Leveraging Cloudflare D1: A Comprehensive Guide to Managing Your SQLite Database

Cloudflare D1 is a serverless, SQLite-compatible database designed to seamlessly integrate with your applications. Whether you're building a simple web app or a complex data-driven platform, D1 offers scalability, reliability, and ease of use. In this blog post, we'll walk through how to set up a Cloudflare D1 database, create tables, and insert data from a CSV file using Python's requests library. We'll use a dataset from the Google Play Store as our example.

Prerequisites

Before we begin, ensure you have the following:

A Cloudflare account. If you don't have one, you can sign up here.
Python installed on your machine.
The requests library installed. You can install it using pip pip install requests pandas

Setting Up the Environment

First, let's set up our Python environment by importing the necessary libraries and defining our Cloudflare account credentials. Note: For security reasons, always keep your ACCOUNT_ID and AUTH_TOKEN confidential.

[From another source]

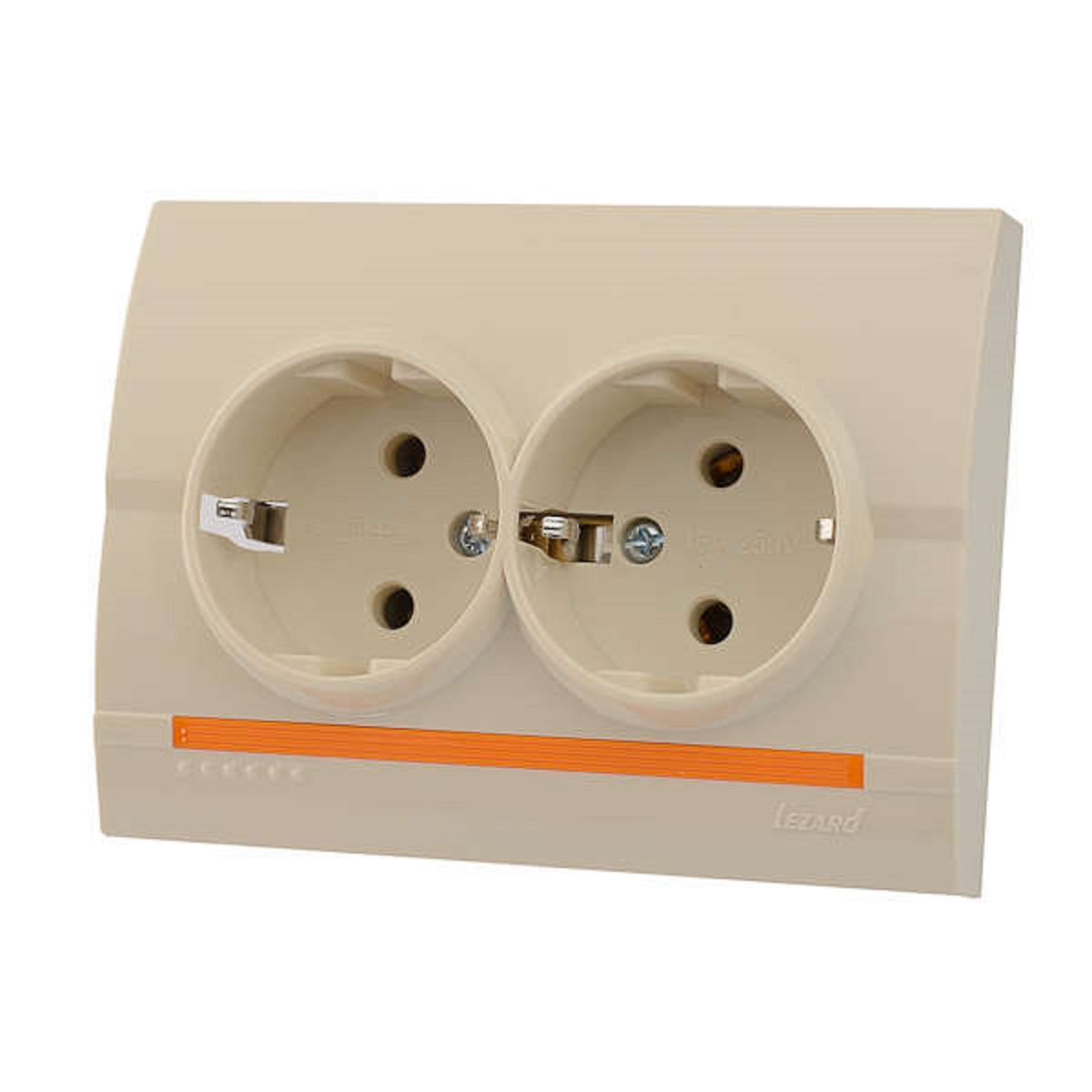 Розетка 2-ая с зазем. Lezard Deriy кремовая 702-03...

In this guide, we'll mask them with *****.

import os
import re
import requests
import pandas as pd

# Cloudflare credentials (masked for security)
ACCOUNT_ID = "*****"
AUTH_TOKEN = "*****"

Next, we'll download and prepare our dataset. In this example, we'll use a Google Play Store dataset.

# Download the dataset
!curl -L -o /content/dataset.zip https://www.kaggle.com/api/v1/datasets/download/lava18/google-play-store-apps

# Unzip the dataset
!unzip dataset.zip

# Load the CSV into a Pandas DataFrame
df = pd.read_csv("/content/googleplaystore.csv")

# Clean column names
df.columns = [re.sub("\s+", "", k).lower() for k in df.columns]

# Display the first few rows
df.head()

# Add an 'id' column
df['id'] = range(1, len(df) + 1)

Creating a Cloudflare D1 Database

To interact with Cloudflare D1, we'll use the Cloudflare API.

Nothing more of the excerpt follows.